O avô almoçava com a família e depois regressava à praia para amanhar as redes danificadas pelo peixe. Levava então a boina de terra e roupa de trabalho, os pés nus para melhor desentrançar a rede. A avó ia mais tarde, com as crianças, à praia, o cesto da merenda numa mão e a sombrinha na outra, a ver o avô trabalhar. Regressava mais cedo para preparar a janta e o farnel da madrugada. Nunca se aproximava da água, o mar metia-lhe medo, sentia-se mais segura em terra.
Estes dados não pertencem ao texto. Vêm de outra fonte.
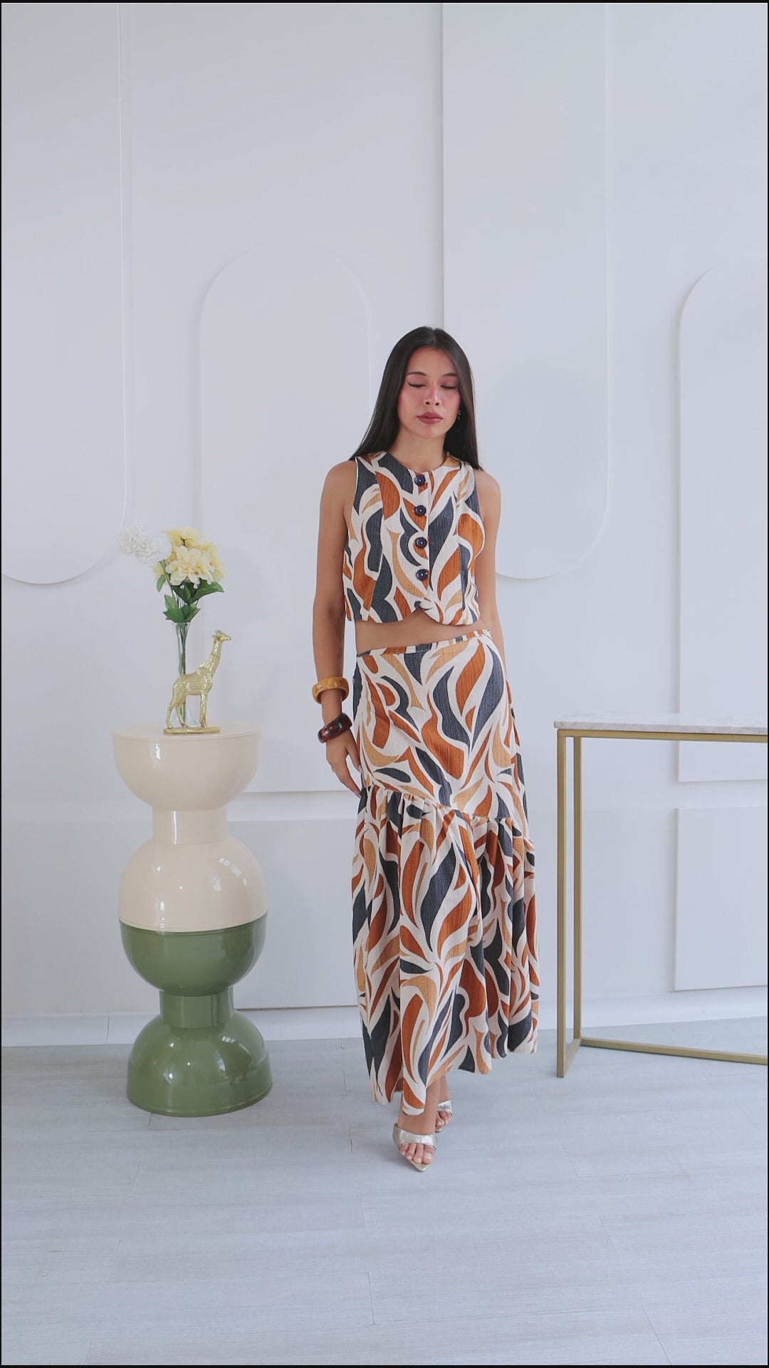 Chaleco de silueta estructurada y corte limpio, estiliza la parte superior y enmarca el torso de manera favorecedora. Falda larga con pliegues de caída amplia crea un movimiento ligero y elegante.
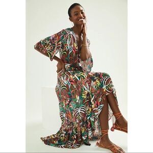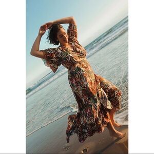 NEW Farm Rio Anthropologie Fiesta Floral Botanical Wrapped Maxi Dress X-Small
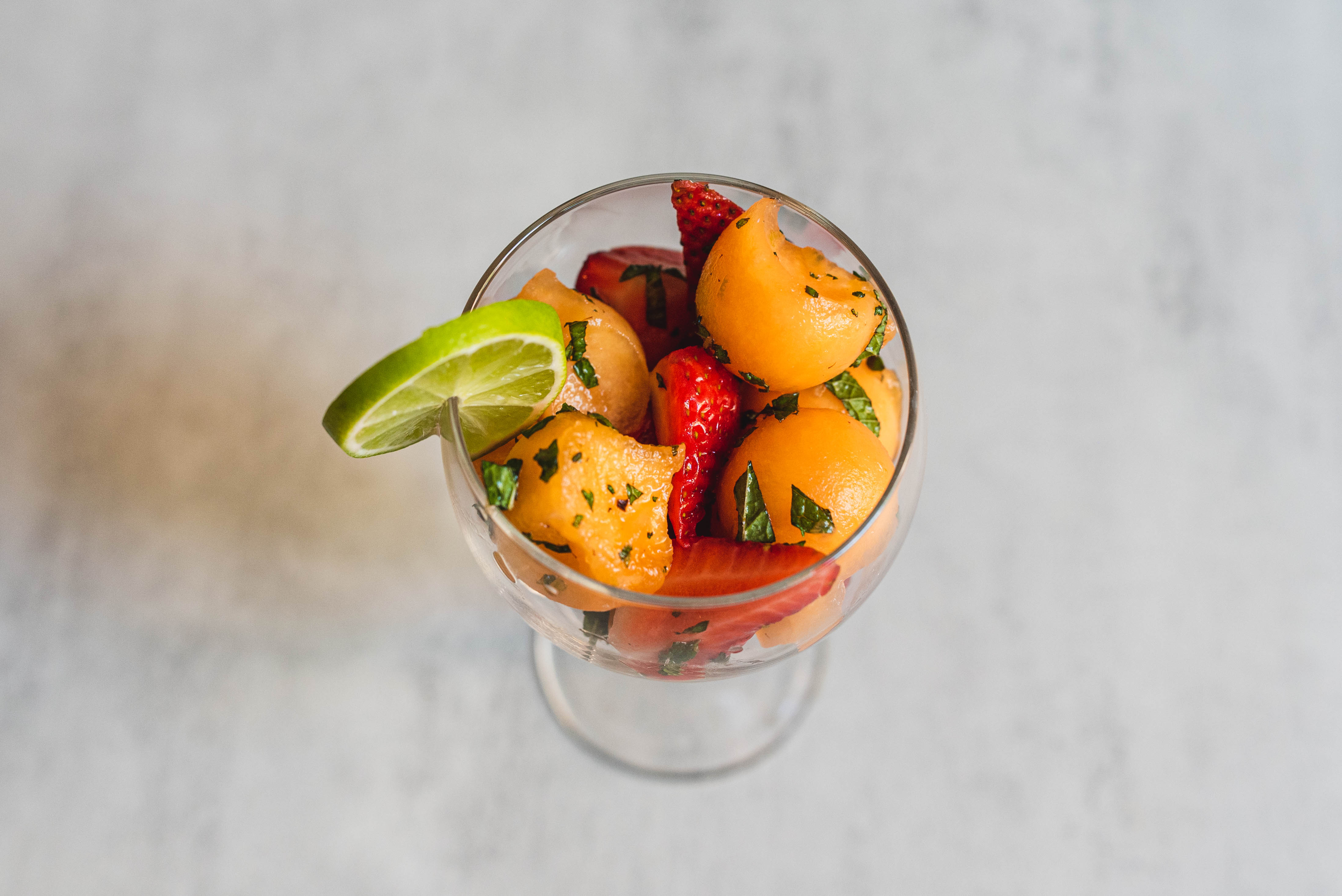 Step 1 -In a medium bowl, combine the strawberries and the cantaloupe.
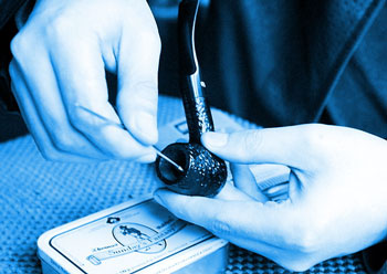 烟斗一般有两部分组成,即烟锅和烟斗嘴。烟斗嘴常用热固性材料(如胶木或尼龙等)制成,过去还有硬橡胶和琥珀的。当年抠麻栎疙瘩的人多是用有机玻璃做烟嘴。但是时间长了了,烟油子粘在上面就不甚美雅了。现在市场里卖的烟斗都可以配上一种金属丝网做的烟丝架,这样做的目的是让烟丝充分燃烧而节省烟斗丝。买烟斗时别忘了买清烟道的棉条。抽一段时间的烟斗后,要将烟嘴拔下来,用棉条清理烟道。烟斗要精心地维护,因为烟斗经常被加热,所以时间长了会变色,如果养护得当,它会变得越来越深,很好看。但是由于手汗中含有酸液,会使烟斗失去光泽,所以每次用完要认真擦洗。
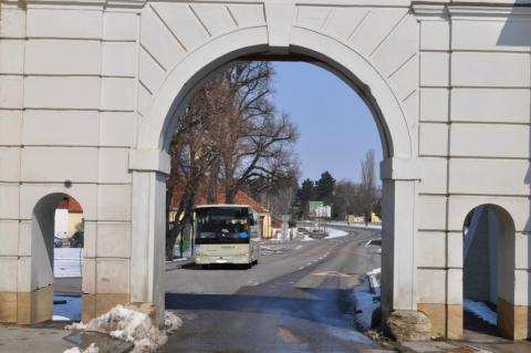 Welcher Torbogen wird in Kürze von diesem Postbus durchfahren?
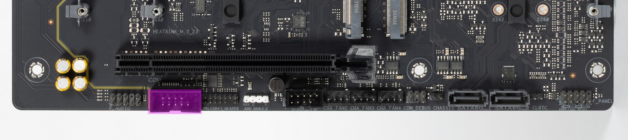 USB порт 3.2 Gen2 в виде внутреннего Type-C позволяет выдавать вольтаж, способный обеспечить быструю зарядку мобильных гаджетов. Также и порт USB 3.2 Gen2x2 Type-C на задней панели оснащен ре-драйверами.

O avô, por sua vez, confiava mais no mar e era naquela língua estreita de areia fina que os seus elementos se encontravam. A avó nunca foi do mar, nem o avô da terra. Eram diferentes, completamente diferentes, mas era nessa diferença que o seu amor se alicerçava.
O avô morreu em casa, na cama de ambos. Já tinham então três netos. Chorou na manhã em que partiu. Apertou, com as forças que lhe restavam, a mão da avó, e partiu serenamente. A avó não chorou. A sua dor imensa não lhe permitia chorar. Tê-lo-à feito na solidão em que a encontrei por vezes, nas ocasiões em que desceu à praia a ver a partida dos barcos, a chegada, o amanhar das redes, ou quando um rapaz da praia lhe trazia o pescado a mando de um antigo rapaz da praia, já pescador.
A avó sobreviveu ainda vinte anos. Já bisavó, foi a enterrar num dia de sol, na campa do avô. Este ano é o do centenário do avô.